2:1 Pulley Question

[MarcusThatsMe]

TL;DR Summary

The math when reversing a pulley doesn't make sense, hoping someone can clarify.

I have Mass A being pulled vertically. I have Mass B on an incline that is pulling Mass A. There is a 2:1 pulley between them.

The math I'm using is:

FA = MA / 2 = ? t-force
MB * SIN(of the incline degree) = ?
If MB is greater then FA, it pulls FA up as MB moves down the incline.

BUT... If I reverse the 2:1 pulley. Then the math changes to...

FA = MA * 2 = ? t-force
MB * SIN(of the incline degree) = ?
If FA is greater then MB, it pulls MB up the incline as FA moves down.

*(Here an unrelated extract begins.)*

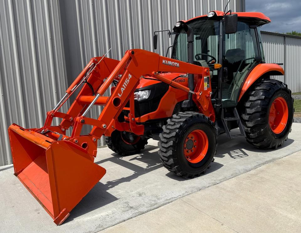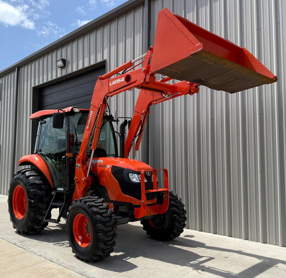 รถแทรกเตอร์ M6060ล้อ Kubota ที่ใช้งานค่อนข้างดีพร้อมรถตักดินด้านหน้าสำหรับฟาร์มที่มีเครื่องยนต์เกียร์และปั๊มที่แข็งแกร่ง
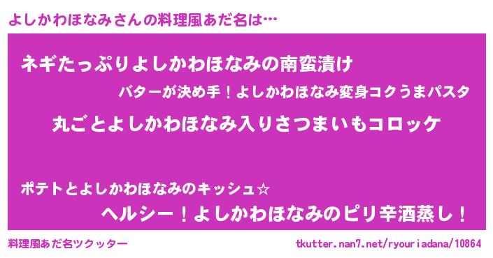 | 女子向けラノベタイトル風あだ名 | 『乙女ゲームの破滅フラグしかない悪役よしかわほなみに転生してしまった…』 |

It's confusing because I would have figured that MA would remain constant and MB * SIN would be divided by 2? Like the first equation...

 

[.Scott]

What exactly is meant by "reversing the pulley"? Is it simply reversing the direction that the pulley will be turning? Or is it changing the setup so that the mass B is being supported with a 2:1 force advantage (mass B connected to the center of the pulley) instead of a 2:1 distance advantage (mass A, on the ramp, connected to the pulley center)?

If the setup is changing, the MA/MB force formula will change. If it is only the direction of movement, that formula will not change.

 

[Lnewqban]

It's confusing because I would have figured that MA would remain constant and MB * SIN would be divided by 2? Like the first equation...

In the first case, mass B moves at double the speed of mass A.
In the second case, mass B moves at half the speed of mass A.